Kubu Raya, thetanjungpuratimes.com – Kepala Bidang (Kabid) Pembinaan SMP Dinas Pendidikan dan Kebudayaan (Disdikbud) Kabupaten Kubu Raya, Syarif M. Firdaus mengatakan bahwa siswa dan siswi tingkat Sekolah Menengah Pertama (SMP) masih terlalu dini untuk menggunakan kendaraan roda dua.

“Kami juga tidak ingin seperti aturan yang sudah diberlakukan di Kota Pontianak yang melarang penggunaan kendaraan bermotor khususnya bagi siswa-siswi SMP, ujarnya, Selasa (7/2).

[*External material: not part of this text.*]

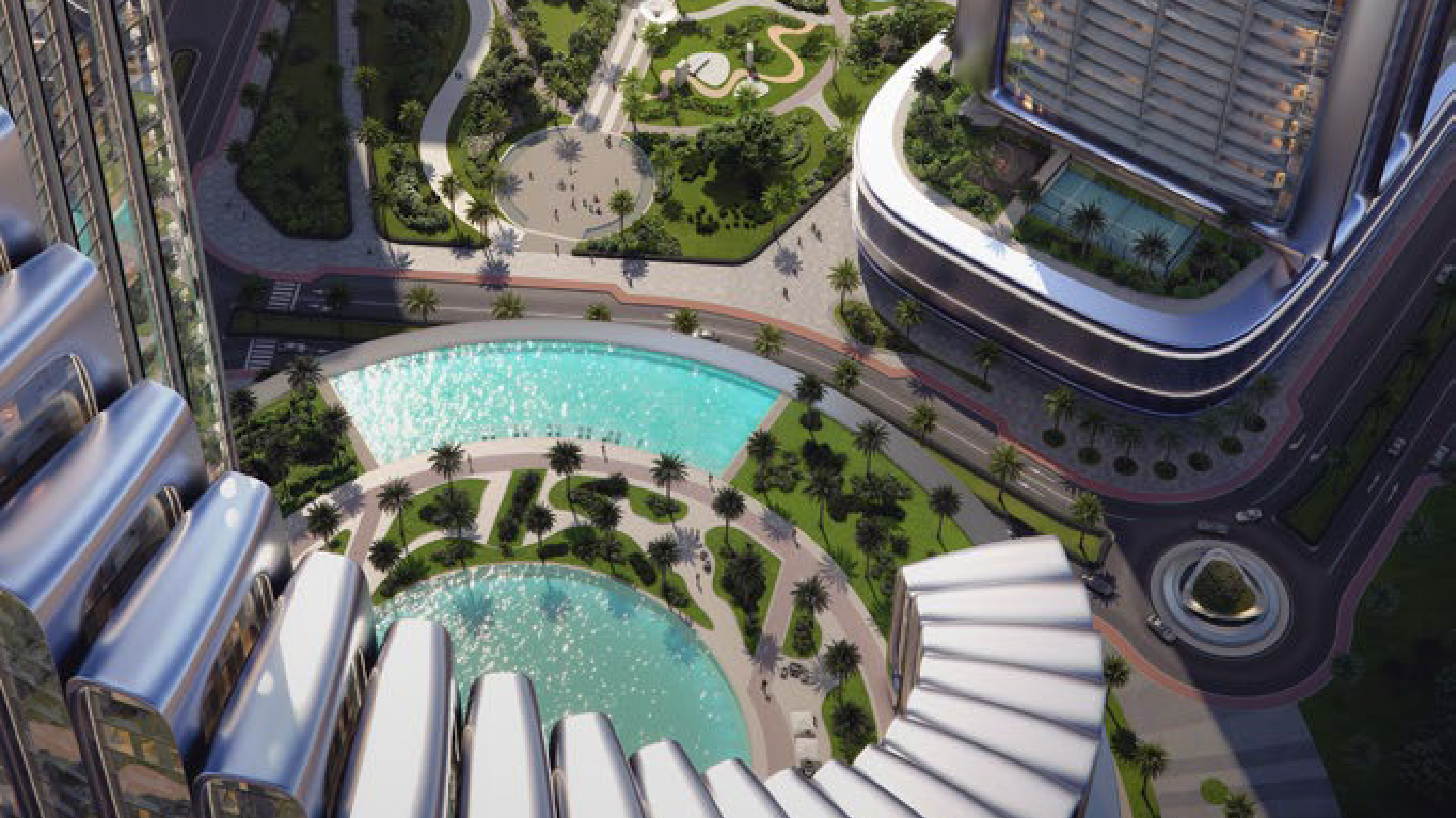 Elevated resort-style swimming pools designed as tranquil retreats, offering city views, landscaped surroundings, and a relaxed atmosphere for families and everyday leisure.

Dirinya menerangkan, Disdikbud Kabupaten Kubu Raya tidak bisa melarang para siswa-siswi dalam menggunakan kendaraan roda dua, karena mengingat luasnya wilayah, serta jarak yang jauh antara sekolah dengan rumah pelajar tersebut.

Menurut dia, ketika kendaraan roda dua menjadi salah satu alternatif bertranportasi untuk para siswa-siswi SMP, sedangkan larangan memakai roda dua diterapkan, namun larangan itu tetap dlanggar, pelarangan itu sia-sia saja dterapkan.

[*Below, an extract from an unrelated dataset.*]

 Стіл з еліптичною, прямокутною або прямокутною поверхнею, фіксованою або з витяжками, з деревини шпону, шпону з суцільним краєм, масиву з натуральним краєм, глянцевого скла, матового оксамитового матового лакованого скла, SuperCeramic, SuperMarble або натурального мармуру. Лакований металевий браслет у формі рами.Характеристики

“Ketika penggunaan kendaraan roda dua membahayakan mereka tentu mereka akan berpikir tidak akan menggunakannya. Maka dari itu kita minta agarpara murid lebih menyadari aturan-aturan penggunaan roda dua,” jelas dia.

Dirinya mengimbau, dalam penggunaan kendaraan roda dua khusus murid SMP di Kabupaten Kubu Raya, agar lebih berhati-hati dalam berkendara. Walupun kendaraan roda dua, kini telah menjadi kebutuhan bagi mereka.

“Pada umur segitu sudah dipastikan mereka tidak mempunyai Surat Izin Mengemudi (SIM). Hanya saja, kalau bisa pihak orang tua juga bisa membatasi penggunaan roda dua tersebut, apabila memungkinkan orang tua bisa mengantar jemput anak-anak mereka,” tutupnya.